**** Data for processing

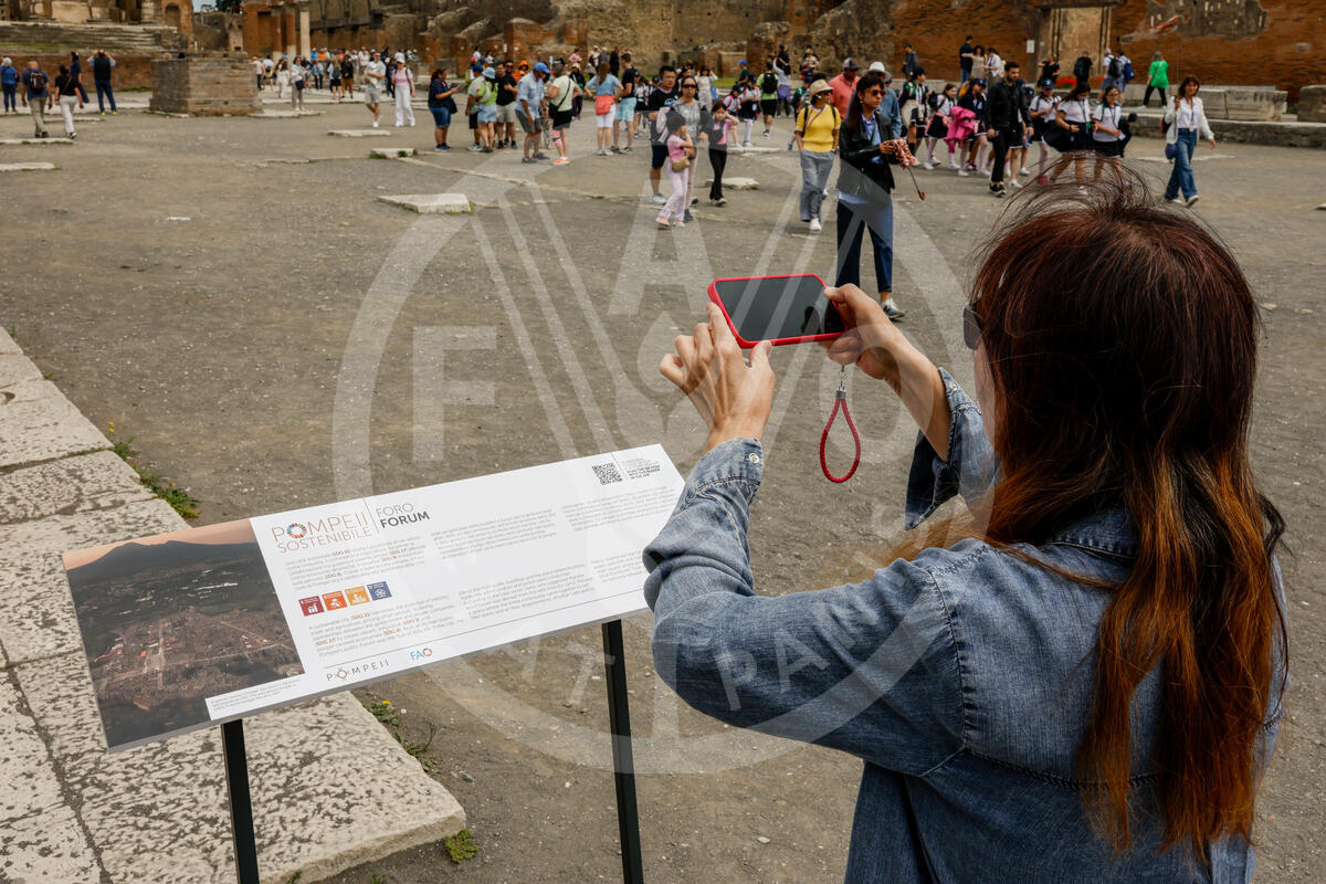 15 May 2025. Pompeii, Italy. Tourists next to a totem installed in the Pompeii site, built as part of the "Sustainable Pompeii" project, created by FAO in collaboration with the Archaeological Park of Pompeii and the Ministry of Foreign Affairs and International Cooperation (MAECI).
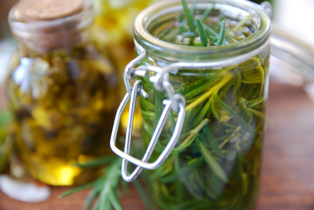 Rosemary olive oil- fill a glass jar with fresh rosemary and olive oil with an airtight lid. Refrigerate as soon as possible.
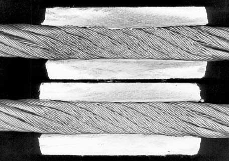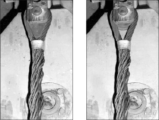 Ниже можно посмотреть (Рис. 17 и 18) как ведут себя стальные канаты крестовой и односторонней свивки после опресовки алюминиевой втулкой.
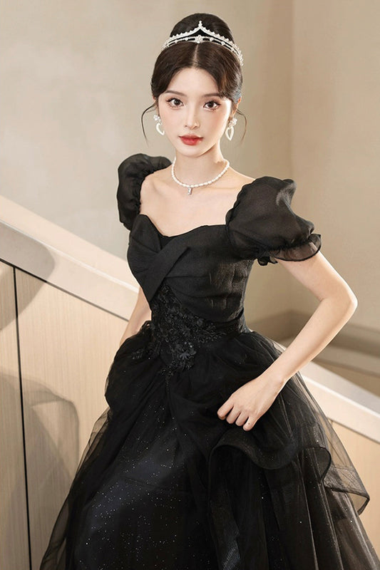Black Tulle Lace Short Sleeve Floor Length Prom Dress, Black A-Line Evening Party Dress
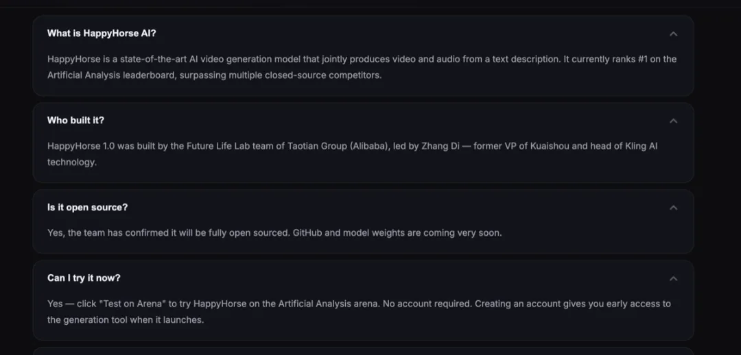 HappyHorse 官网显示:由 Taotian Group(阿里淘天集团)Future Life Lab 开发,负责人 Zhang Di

********

Assignment:
Nothing should appear in the answer except the lines from the first line of the data through the line holding "Ниже можно посмотреть", exactly as written, with pictures left out.

Written answer:
 15 May 2025. Pompeii, Italy. Tourists next to a totem installed in the Pompeii site, built as part of the "Sustainable Pompeii" project, created by FAO in collaboration with the Archaeological Park of Pompeii and the Ministry of Foreign Affairs and International Cooperation (MAECI).
 Rosemary olive oil- fill a glass jar with fresh rosemary and olive oil with an airtight lid. Refrigerate as soon as possible.
 Ниже можно посмотреть (Рис. 17 и 18) как ведут себя стальные канаты крестовой и односторонней свивки после опресовки алюминиевой втулкой.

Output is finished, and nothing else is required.